Top of Information

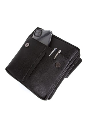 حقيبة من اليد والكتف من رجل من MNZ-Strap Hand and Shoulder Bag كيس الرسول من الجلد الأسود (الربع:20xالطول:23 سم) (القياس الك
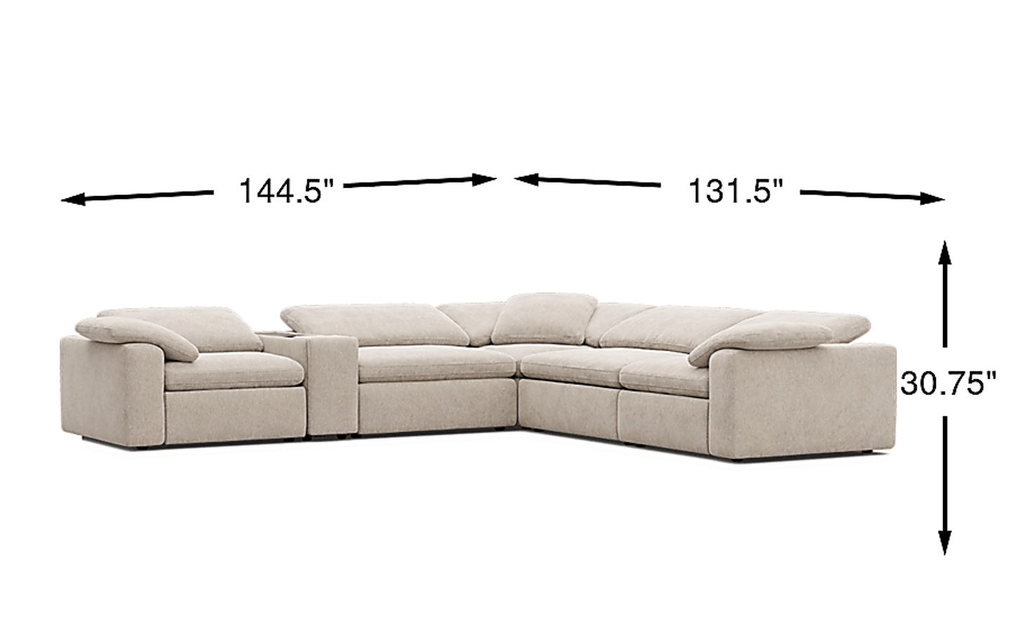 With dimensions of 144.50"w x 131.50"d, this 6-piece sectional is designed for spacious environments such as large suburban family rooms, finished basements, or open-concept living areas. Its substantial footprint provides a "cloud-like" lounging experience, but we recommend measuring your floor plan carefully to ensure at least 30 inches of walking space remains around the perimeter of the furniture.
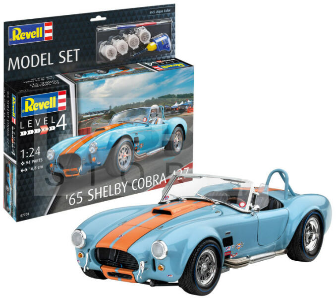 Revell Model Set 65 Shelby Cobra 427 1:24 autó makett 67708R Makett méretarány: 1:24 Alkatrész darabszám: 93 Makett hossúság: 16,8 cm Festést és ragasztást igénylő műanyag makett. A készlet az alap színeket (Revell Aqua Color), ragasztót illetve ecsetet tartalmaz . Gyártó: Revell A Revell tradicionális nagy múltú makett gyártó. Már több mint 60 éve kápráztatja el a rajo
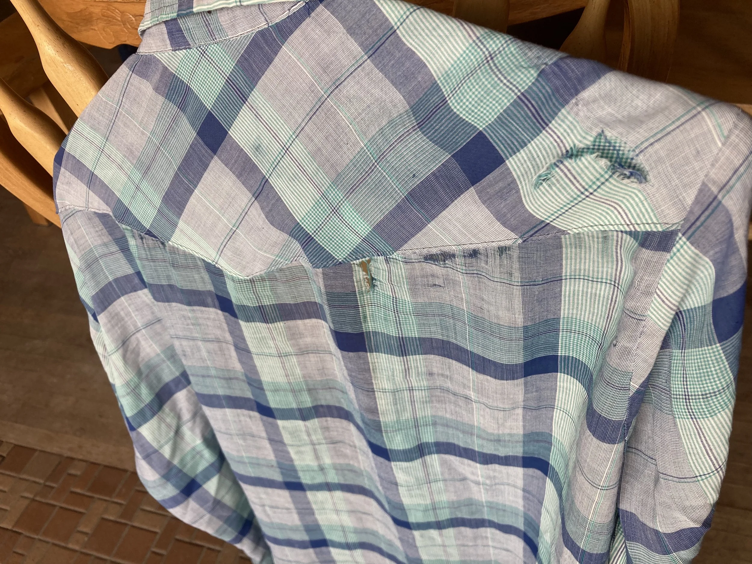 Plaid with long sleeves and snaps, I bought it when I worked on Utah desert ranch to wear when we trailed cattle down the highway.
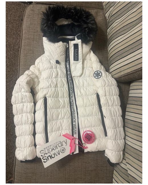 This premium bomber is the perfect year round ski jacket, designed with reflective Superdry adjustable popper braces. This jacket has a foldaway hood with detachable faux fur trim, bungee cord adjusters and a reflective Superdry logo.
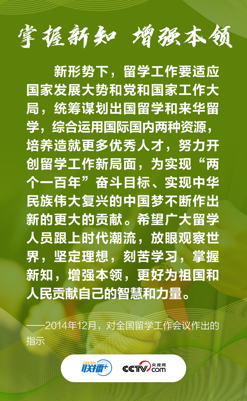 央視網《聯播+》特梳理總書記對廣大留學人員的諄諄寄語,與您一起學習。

Bottom of Information

Work order. The whole listing is to be duplicated verbatim, apart from its images.

Task answer.
 حقيبة من اليد والكتف من رجل من MNZ-Strap Hand and Shoulder Bag كيس الرسول من الجلد الأسود (الربع:20xالطول:23 سم) (القياس الك
 With dimensions of 144.50"w x 131.50"d, this 6-piece sectional is designed for spacious environments such as large suburban family rooms, finished basements, or open-concept living areas. Its substantial footprint provides a "cloud-like" lounging experience, but we recommend measuring your floor plan carefully to ensure at least 30 inches of walking space remains around the perimeter of the furniture.
 Revell Model Set 65 Shelby Cobra 427 1:24 autó makett 67708R Makett méretarány: 1:24 Alkatrész darabszám: 93 Makett hossúság: 16,8 cm Festést és ragasztást igénylő műanyag makett. A készlet az alap színeket (Revell Aqua Color), ragasztót illetve ecsetet tartalmaz . Gyártó: Revell A Revell tradicionális nagy múltú makett gyártó. Már több mint 60 éve kápráztatja el a rajo
 Plaid with long sleeves and snaps, I bought it when I worked on Utah desert ranch to wear when we trailed cattle down the highway.
 This premium bomber is the perfect year round ski jacket, designed with reflective Superdry adjustable popper braces. This jacket has a foldaway hood with detachable faux fur trim, bungee cord adjusters and a reflective Superdry logo.
 央視網《聯播+》特梳理總書記對廣大留學人員的諄諄寄語,與您一起學習。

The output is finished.